**Assignment**
Look through the listing below for the line containing "Shauna Marie Freeman". Copy it and each line after it up to and including the line containing "Let their imagination", exactly, leaving out pictures.

**Entries provided**
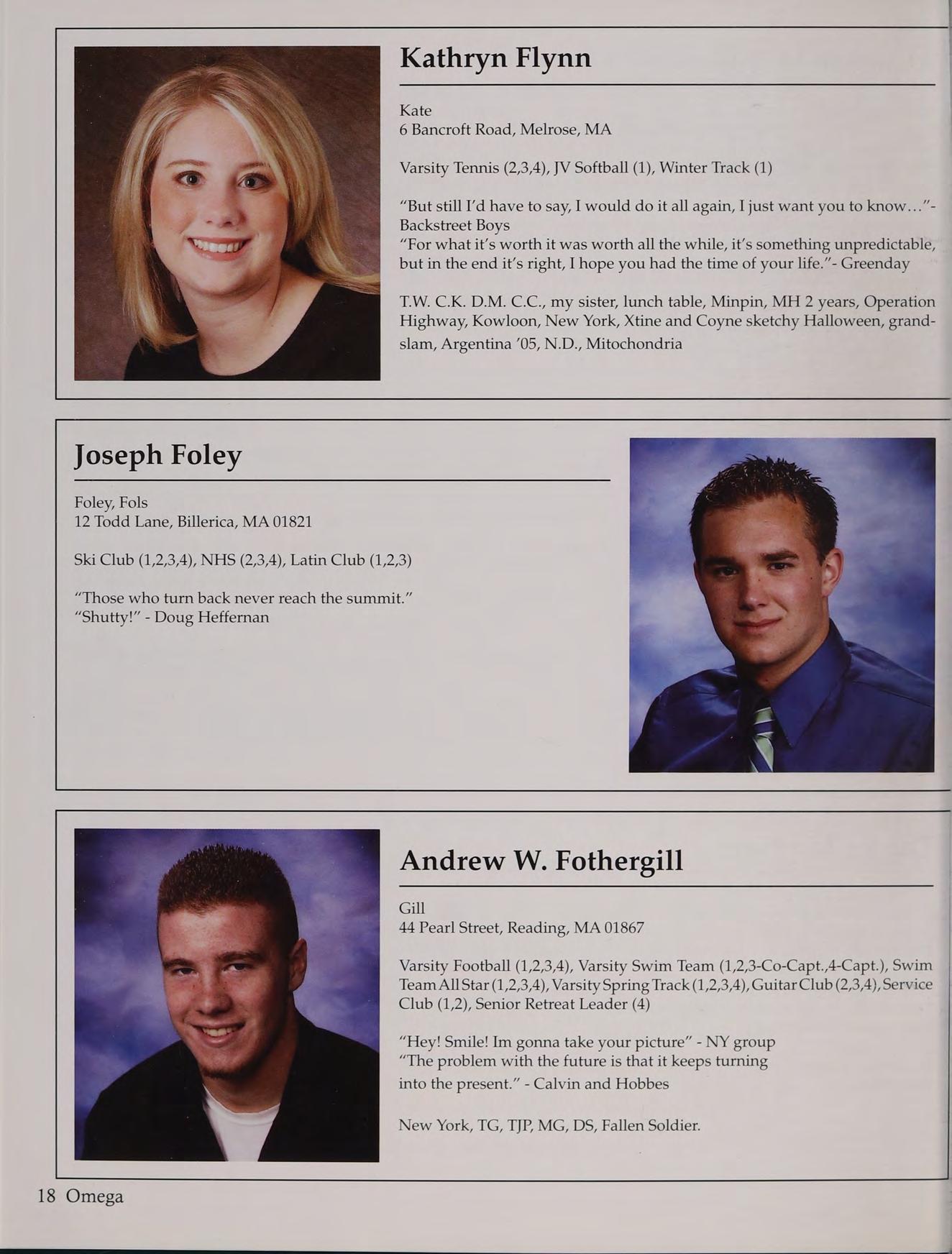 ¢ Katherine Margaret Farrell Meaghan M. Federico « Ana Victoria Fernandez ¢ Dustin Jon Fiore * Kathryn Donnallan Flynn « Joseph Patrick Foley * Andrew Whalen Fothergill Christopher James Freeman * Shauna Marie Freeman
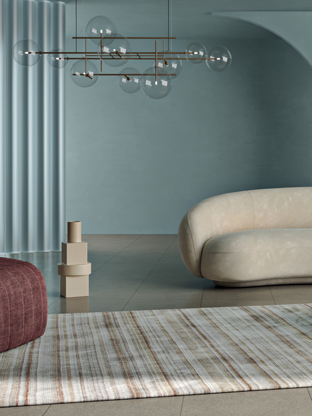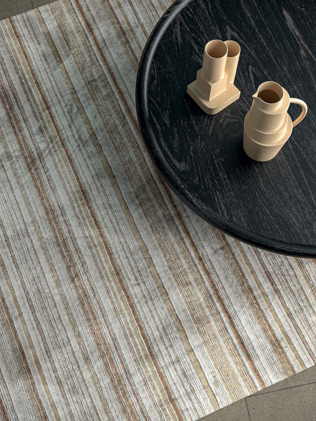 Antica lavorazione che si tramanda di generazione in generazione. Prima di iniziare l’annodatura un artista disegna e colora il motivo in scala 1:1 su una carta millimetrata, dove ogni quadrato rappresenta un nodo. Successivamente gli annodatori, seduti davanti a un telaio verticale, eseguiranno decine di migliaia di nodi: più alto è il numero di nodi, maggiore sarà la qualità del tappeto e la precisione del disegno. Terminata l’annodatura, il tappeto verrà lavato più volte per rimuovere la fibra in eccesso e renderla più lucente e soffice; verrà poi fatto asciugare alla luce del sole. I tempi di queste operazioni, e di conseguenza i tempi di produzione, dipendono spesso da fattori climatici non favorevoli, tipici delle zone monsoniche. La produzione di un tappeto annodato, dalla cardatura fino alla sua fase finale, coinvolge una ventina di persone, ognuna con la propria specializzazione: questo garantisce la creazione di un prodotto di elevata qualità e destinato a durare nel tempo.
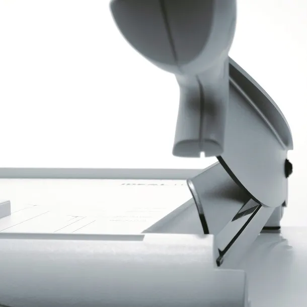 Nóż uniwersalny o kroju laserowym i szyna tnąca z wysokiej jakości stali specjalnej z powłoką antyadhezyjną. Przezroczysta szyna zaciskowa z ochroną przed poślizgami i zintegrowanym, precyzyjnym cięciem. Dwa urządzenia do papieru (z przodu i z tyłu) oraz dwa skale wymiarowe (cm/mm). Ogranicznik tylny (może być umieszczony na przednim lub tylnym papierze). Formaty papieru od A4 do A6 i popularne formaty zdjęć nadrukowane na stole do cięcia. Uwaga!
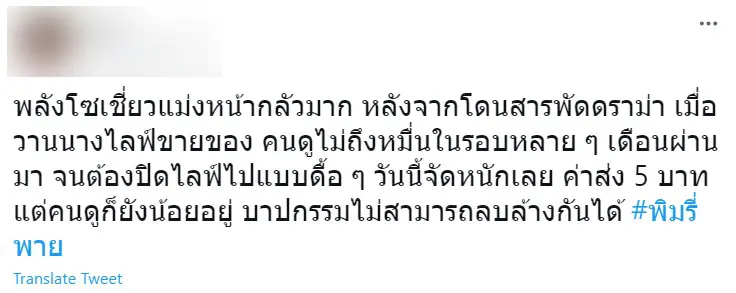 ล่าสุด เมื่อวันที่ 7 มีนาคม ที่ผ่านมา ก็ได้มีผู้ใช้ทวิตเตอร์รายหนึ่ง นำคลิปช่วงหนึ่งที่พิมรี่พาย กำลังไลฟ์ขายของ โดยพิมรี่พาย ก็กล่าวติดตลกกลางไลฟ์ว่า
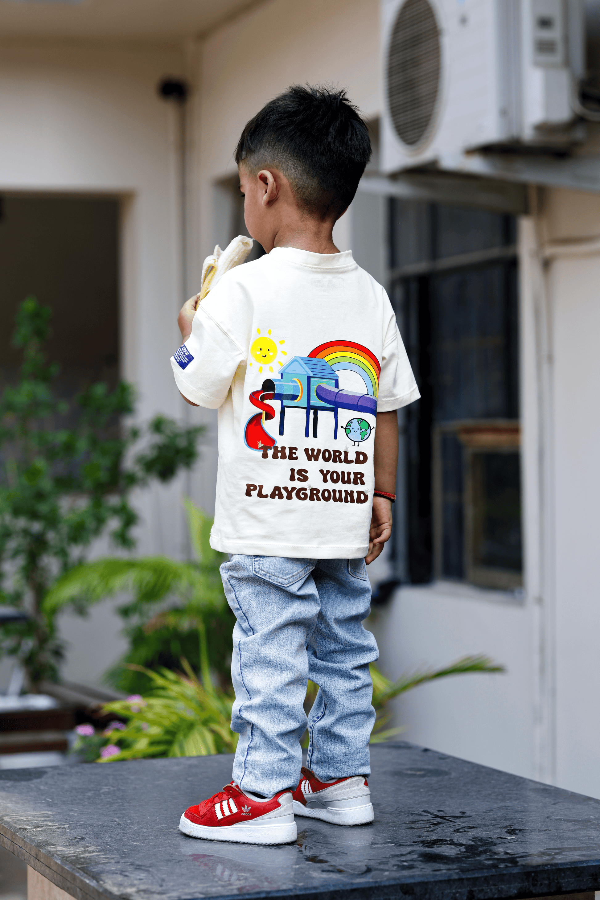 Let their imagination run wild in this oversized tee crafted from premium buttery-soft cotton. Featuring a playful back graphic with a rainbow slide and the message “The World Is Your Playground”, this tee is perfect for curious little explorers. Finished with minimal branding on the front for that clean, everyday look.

---

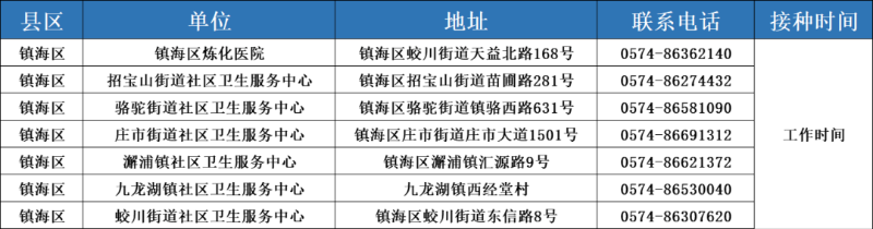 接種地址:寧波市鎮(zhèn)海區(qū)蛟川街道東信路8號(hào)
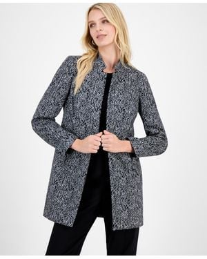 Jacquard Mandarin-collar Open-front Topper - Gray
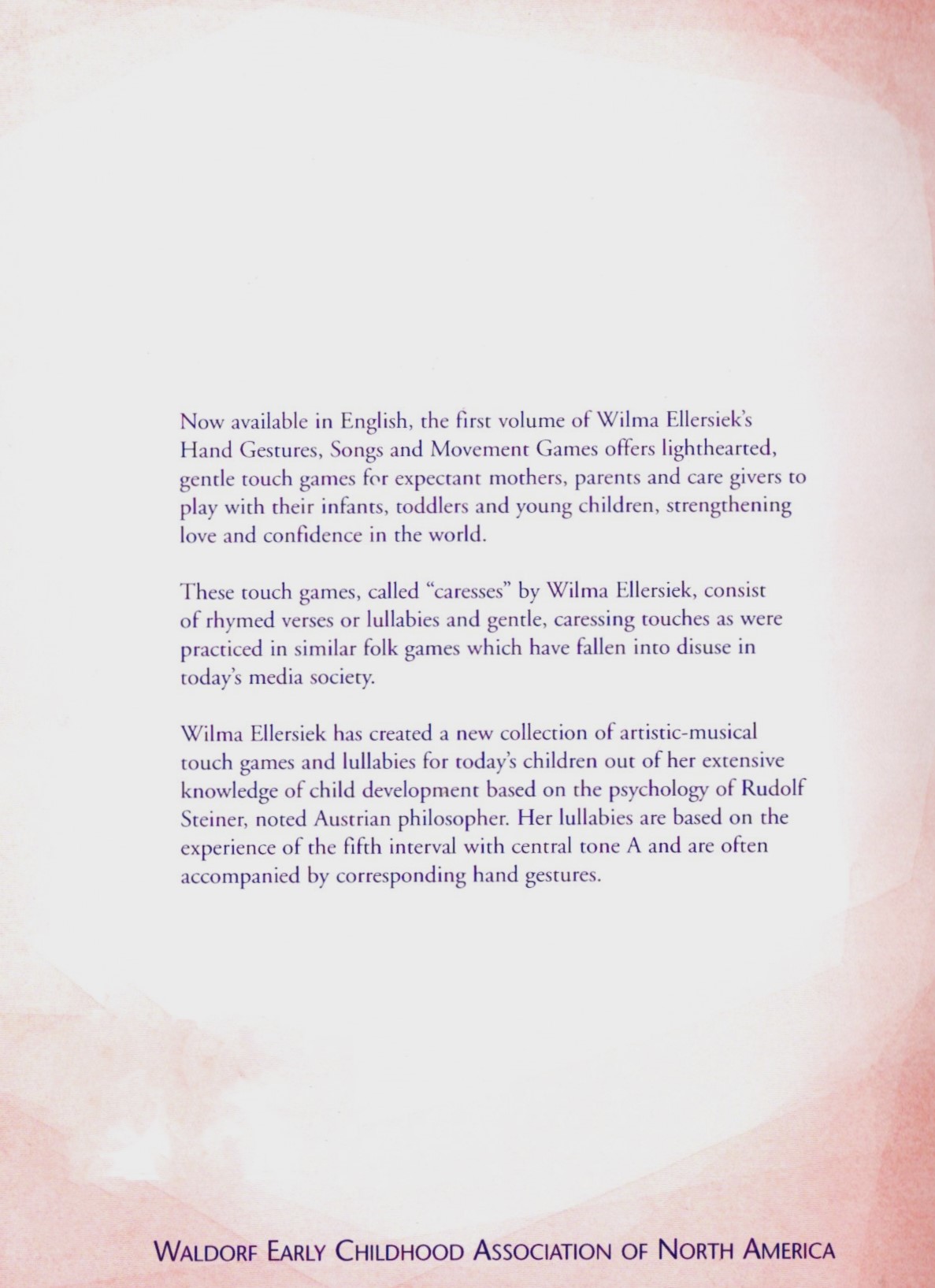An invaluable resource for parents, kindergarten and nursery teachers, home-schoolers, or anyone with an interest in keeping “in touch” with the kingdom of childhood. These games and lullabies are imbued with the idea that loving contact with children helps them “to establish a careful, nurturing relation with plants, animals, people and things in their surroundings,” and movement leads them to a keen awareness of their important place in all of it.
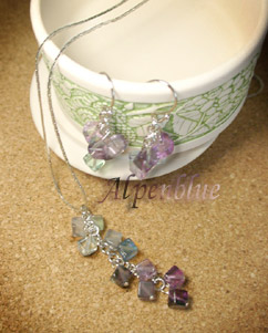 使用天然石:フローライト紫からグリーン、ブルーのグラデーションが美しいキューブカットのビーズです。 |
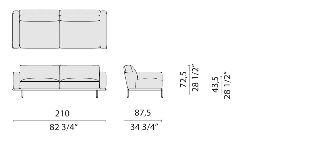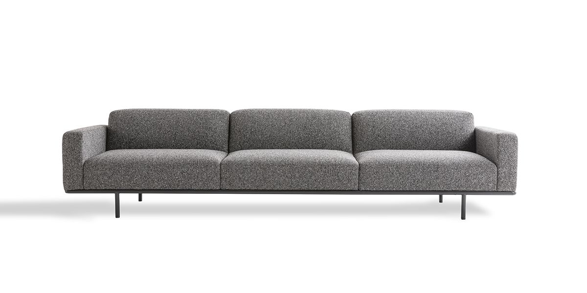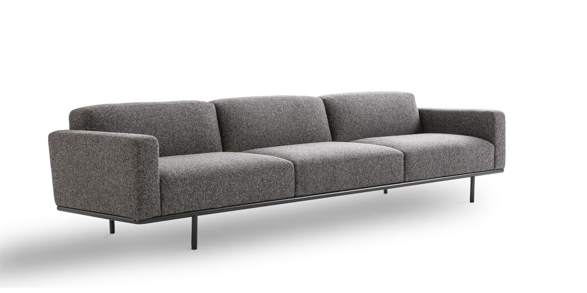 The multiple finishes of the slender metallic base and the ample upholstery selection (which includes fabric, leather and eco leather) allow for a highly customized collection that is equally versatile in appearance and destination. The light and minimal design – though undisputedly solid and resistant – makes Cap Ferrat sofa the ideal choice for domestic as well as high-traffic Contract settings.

==

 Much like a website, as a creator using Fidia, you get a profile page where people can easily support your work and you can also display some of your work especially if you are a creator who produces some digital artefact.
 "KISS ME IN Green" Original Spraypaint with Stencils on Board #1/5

**Answer box**
 ¢ Katherine Margaret Farrell Meaghan M. Federico « Ana Victoria Fernandez ¢ Dustin Jon Fiore * Kathryn Donnallan Flynn « Joseph Patrick Foley * Andrew Whalen Fothergill Christopher James Freeman * Shauna Marie Freeman
 Antica lavorazione che si tramanda di generazione in generazione. Prima di iniziare l’annodatura un artista disegna e colora il motivo in scala 1:1 su una carta millimetrata, dove ogni quadrato rappresenta un nodo. Successivamente gli annodatori, seduti davanti a un telaio verticale, eseguiranno decine di migliaia di nodi: più alto è il numero di nodi, maggiore sarà la qualità del tappeto e la precisione del disegno. Terminata l’annodatura, il tappeto verrà lavato più volte per rimuovere la fibra in eccesso e renderla più lucente e soffice; verrà poi fatto asciugare alla luce del sole. I tempi di queste operazioni, e di conseguenza i tempi di produzione, dipendono spesso da fattori climatici non favorevoli, tipici delle zone monsoniche. La produzione di un tappeto annodato, dalla cardatura fino alla sua fase finale, coinvolge una ventina di persone, ognuna con la propria specializzazione: questo garantisce la creazione di un prodotto di elevata qualità e destinato a durare nel tempo.
 Nóż uniwersalny o kroju laserowym i szyna tnąca z wysokiej jakości stali specjalnej z powłoką antyadhezyjną. Przezroczysta szyna zaciskowa z ochroną przed poślizgami i zintegrowanym, precyzyjnym cięciem. Dwa urządzenia do papieru (z przodu i z tyłu) oraz dwa skale wymiarowe (cm/mm). Ogranicznik tylny (może być umieszczony na przednim lub tylnym papierze). Formaty papieru od A4 do A6 i popularne formaty zdjęć nadrukowane na stole do cięcia. Uwaga!
 ล่าสุด เมื่อวันที่ 7 มีนาคม ที่ผ่านมา ก็ได้มีผู้ใช้ทวิตเตอร์รายหนึ่ง นำคลิปช่วงหนึ่งที่พิมรี่พาย กำลังไลฟ์ขายของ โดยพิมรี่พาย ก็กล่าวติดตลกกลางไลฟ์ว่า
 Let their imagination run wild in this oversized tee crafted from premium buttery-soft cotton. Featuring a playful back graphic with a rainbow slide and the message “The World Is Your Playground”, this tee is perfect for curious little explorers. Finished with minimal branding on the front for that clean, everyday look.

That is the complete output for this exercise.